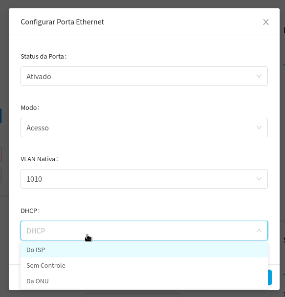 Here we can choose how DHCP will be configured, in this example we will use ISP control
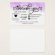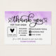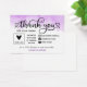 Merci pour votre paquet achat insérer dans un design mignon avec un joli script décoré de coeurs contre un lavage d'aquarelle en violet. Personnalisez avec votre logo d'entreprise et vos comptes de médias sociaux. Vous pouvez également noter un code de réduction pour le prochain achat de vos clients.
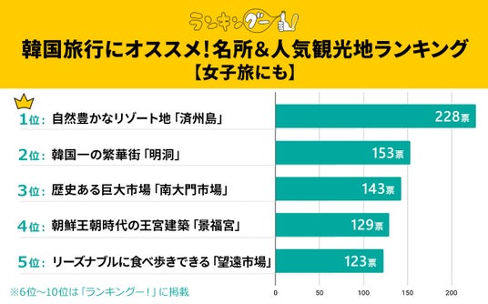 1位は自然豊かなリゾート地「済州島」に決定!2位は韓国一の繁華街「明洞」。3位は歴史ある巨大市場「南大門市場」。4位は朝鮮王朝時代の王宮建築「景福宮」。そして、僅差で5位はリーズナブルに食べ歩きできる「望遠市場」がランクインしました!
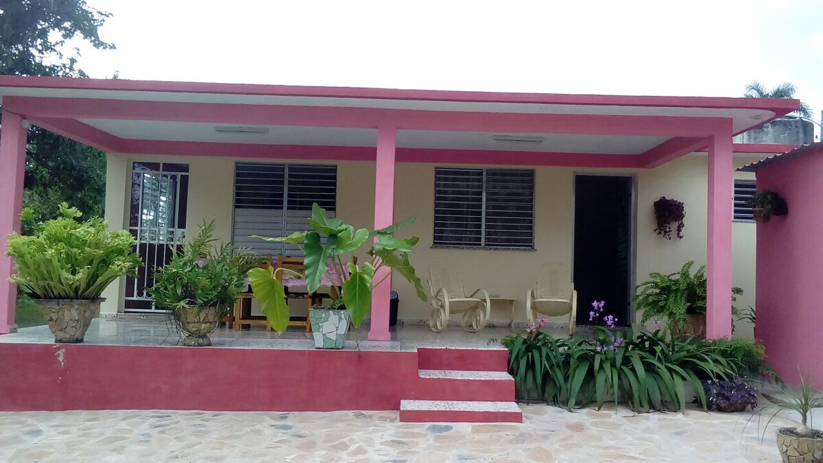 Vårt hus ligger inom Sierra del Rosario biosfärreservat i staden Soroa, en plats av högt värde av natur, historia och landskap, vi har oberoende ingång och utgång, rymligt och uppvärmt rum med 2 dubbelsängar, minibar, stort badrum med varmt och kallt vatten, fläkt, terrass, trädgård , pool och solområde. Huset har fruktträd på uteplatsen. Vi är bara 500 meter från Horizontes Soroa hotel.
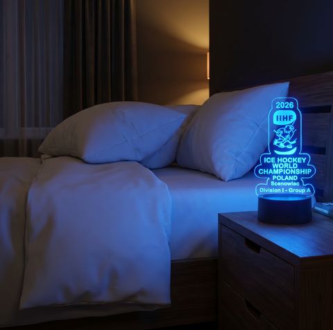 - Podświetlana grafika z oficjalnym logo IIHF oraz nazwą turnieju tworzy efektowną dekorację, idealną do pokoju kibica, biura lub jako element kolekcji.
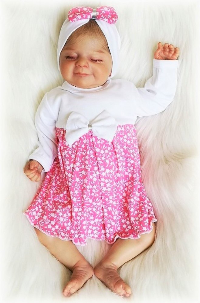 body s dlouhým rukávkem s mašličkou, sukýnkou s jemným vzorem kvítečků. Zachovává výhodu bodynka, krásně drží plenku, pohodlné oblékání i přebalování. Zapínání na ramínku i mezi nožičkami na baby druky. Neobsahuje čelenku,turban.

Work instruction
Since the pictures are not wanted, copy only the text of the records above, exactly.

Written solution
 Here we can choose how DHCP will be configured, in this example we will use ISP control
 Merci pour votre paquet achat insérer dans un design mignon avec un joli script décoré de coeurs contre un lavage d'aquarelle en violet. Personnalisez avec votre logo d'entreprise et vos comptes de médias sociaux. Vous pouvez également noter un code de réduction pour le prochain achat de vos clients.
 1位は自然豊かなリゾート地「済州島」に決定!2位は韓国一の繁華街「明洞」。3位は歴史ある巨大市場「南大門市場」。4位は朝鮮王朝時代の王宮建築「景福宮」。そして、僅差で5位はリーズナブルに食べ歩きできる「望遠市場」がランクインしました!
 Vårt hus ligger inom Sierra del Rosario biosfärreservat i staden Soroa, en plats av högt värde av natur, historia och landskap, vi har oberoende ingång och utgång, rymligt och uppvärmt rum med 2 dubbelsängar, minibar, stort badrum med varmt och kallt vatten, fläkt, terrass, trädgård , pool och solområde. Huset har fruktträd på uteplatsen. Vi är bara 500 meter från Horizontes Soroa hotel.
 - Podświetlana grafika z oficjalnym logo IIHF oraz nazwą turnieju tworzy efektowną dekorację, idealną do pokoju kibica, biura lub jako element kolekcji.
 body s dlouhým rukávkem s mašličkou, sukýnkou s jemným vzorem kvítečků. Zachovává výhodu bodynka, krásně drží plenku, pohodlné oblékání i přebalování. Zapínání na ramínku i mezi nožičkami na baby druky. Neobsahuje čelenku,turban.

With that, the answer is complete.